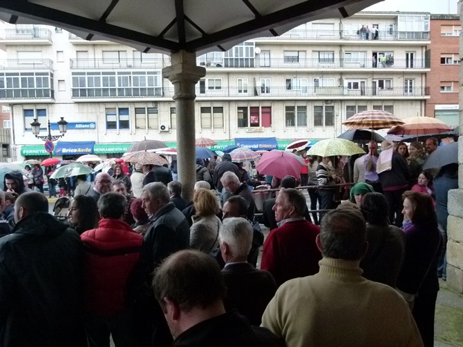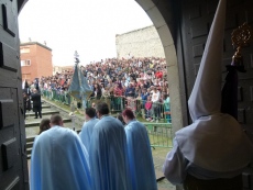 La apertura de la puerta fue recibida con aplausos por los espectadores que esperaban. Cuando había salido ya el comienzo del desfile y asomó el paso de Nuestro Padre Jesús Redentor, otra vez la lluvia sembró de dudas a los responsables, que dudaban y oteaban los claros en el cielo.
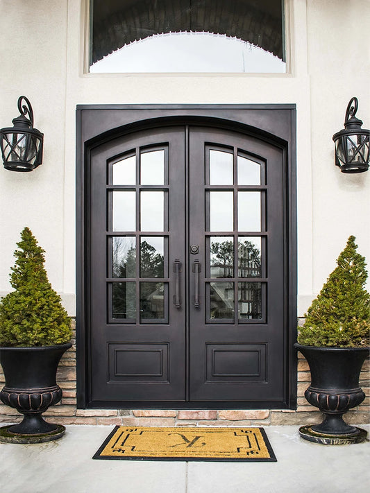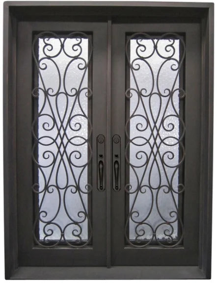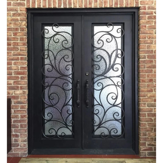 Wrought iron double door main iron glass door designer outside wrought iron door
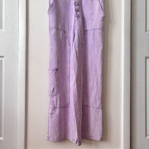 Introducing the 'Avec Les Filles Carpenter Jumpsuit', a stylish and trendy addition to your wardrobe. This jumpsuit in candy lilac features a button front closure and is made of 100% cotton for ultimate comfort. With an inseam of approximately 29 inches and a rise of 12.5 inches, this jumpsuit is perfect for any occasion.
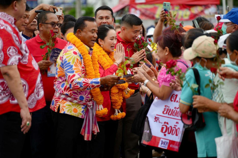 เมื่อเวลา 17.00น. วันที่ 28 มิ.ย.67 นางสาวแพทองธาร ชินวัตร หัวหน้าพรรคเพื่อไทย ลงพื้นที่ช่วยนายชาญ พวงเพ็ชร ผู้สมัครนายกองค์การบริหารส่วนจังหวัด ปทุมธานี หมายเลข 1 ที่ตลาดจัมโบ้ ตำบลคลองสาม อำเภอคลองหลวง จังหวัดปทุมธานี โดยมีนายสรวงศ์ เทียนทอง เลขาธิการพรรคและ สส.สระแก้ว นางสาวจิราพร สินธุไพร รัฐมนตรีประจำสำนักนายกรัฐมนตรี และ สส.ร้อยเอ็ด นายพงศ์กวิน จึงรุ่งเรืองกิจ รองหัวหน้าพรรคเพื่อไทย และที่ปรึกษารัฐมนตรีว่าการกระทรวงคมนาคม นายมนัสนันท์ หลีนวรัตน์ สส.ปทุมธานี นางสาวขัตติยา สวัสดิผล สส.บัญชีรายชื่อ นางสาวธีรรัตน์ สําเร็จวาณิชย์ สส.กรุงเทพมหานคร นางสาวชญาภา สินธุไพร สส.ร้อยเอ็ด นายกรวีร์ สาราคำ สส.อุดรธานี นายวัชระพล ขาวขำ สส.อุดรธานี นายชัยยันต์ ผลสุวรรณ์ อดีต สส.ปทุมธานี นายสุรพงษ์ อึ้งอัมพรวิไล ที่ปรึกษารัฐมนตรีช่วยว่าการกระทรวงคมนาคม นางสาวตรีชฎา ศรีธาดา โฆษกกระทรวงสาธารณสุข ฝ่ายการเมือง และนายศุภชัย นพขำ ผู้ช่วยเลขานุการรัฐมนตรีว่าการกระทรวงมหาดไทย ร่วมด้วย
* * *
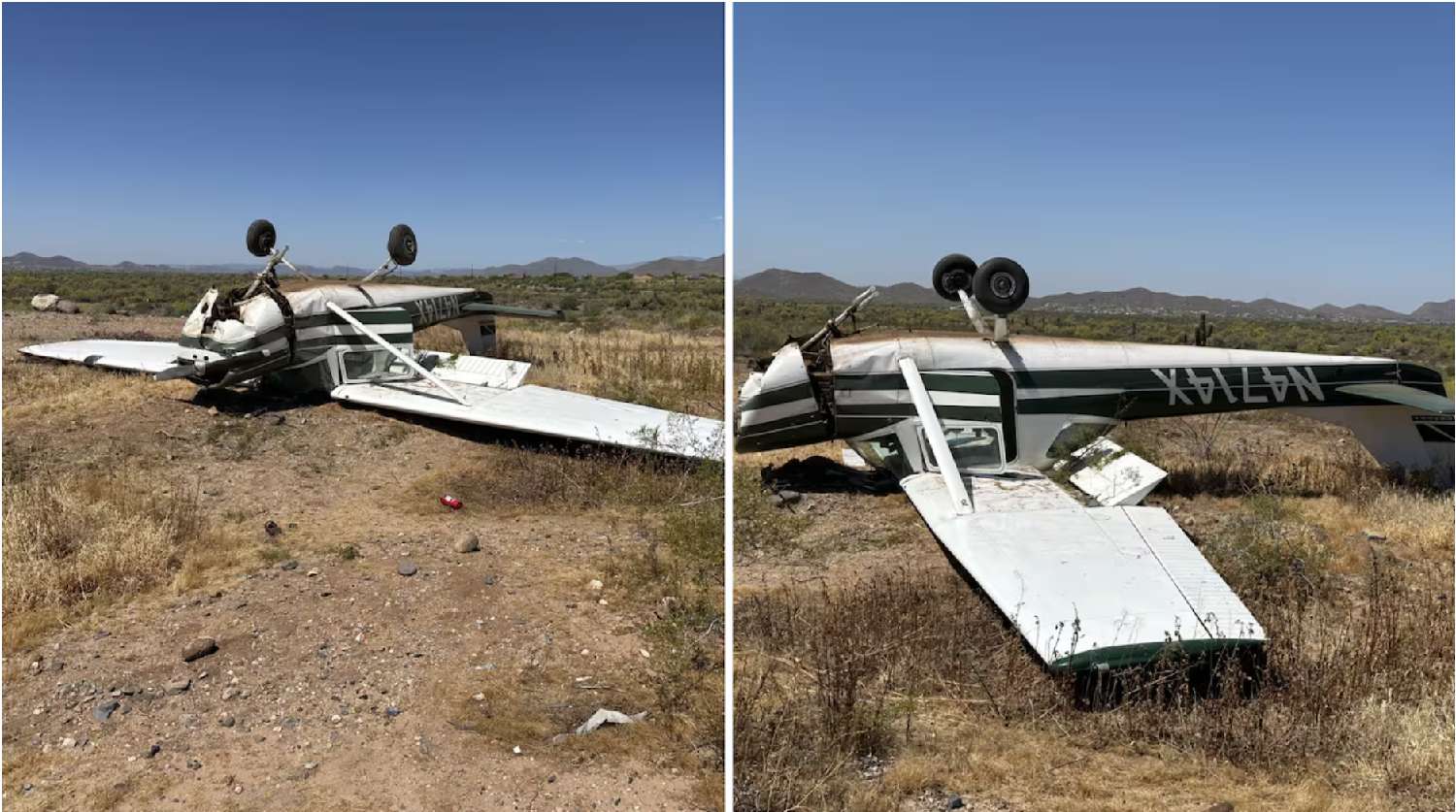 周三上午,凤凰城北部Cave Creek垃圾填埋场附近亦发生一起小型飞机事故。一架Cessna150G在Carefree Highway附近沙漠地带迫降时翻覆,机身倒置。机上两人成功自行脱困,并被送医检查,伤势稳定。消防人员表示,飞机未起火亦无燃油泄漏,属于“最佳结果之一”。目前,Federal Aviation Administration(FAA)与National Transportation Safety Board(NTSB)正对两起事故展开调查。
...
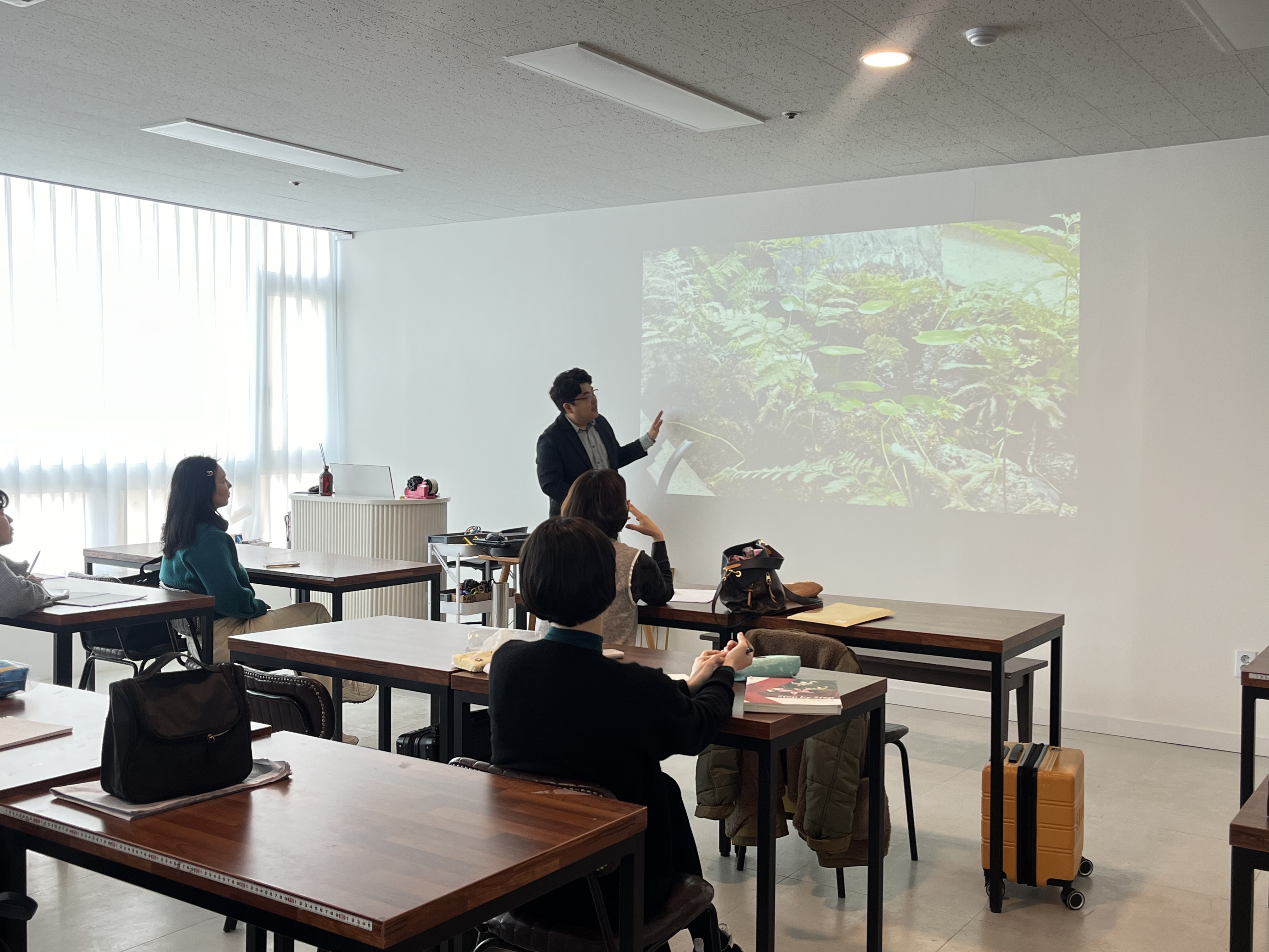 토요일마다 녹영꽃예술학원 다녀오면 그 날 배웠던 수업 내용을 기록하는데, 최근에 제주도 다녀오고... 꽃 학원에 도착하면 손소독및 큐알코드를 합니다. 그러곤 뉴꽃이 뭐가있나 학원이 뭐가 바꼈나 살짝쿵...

-- What the task requires --
Please output the lines above beginning at the line with "La apertura de" and ending after the line with "Wrought iron double", precisely as written and with no pictures.

-- Exercise result --
 La apertura de la puerta fue recibida con aplausos por los espectadores que esperaban. Cuando había salido ya el comienzo del desfile y asomó el paso de Nuestro Padre Jesús Redentor, otra vez la lluvia sembró de dudas a los responsables, que dudaban y oteaban los claros en el cielo.
 Wrought iron double door main iron glass door designer outside wrought iron door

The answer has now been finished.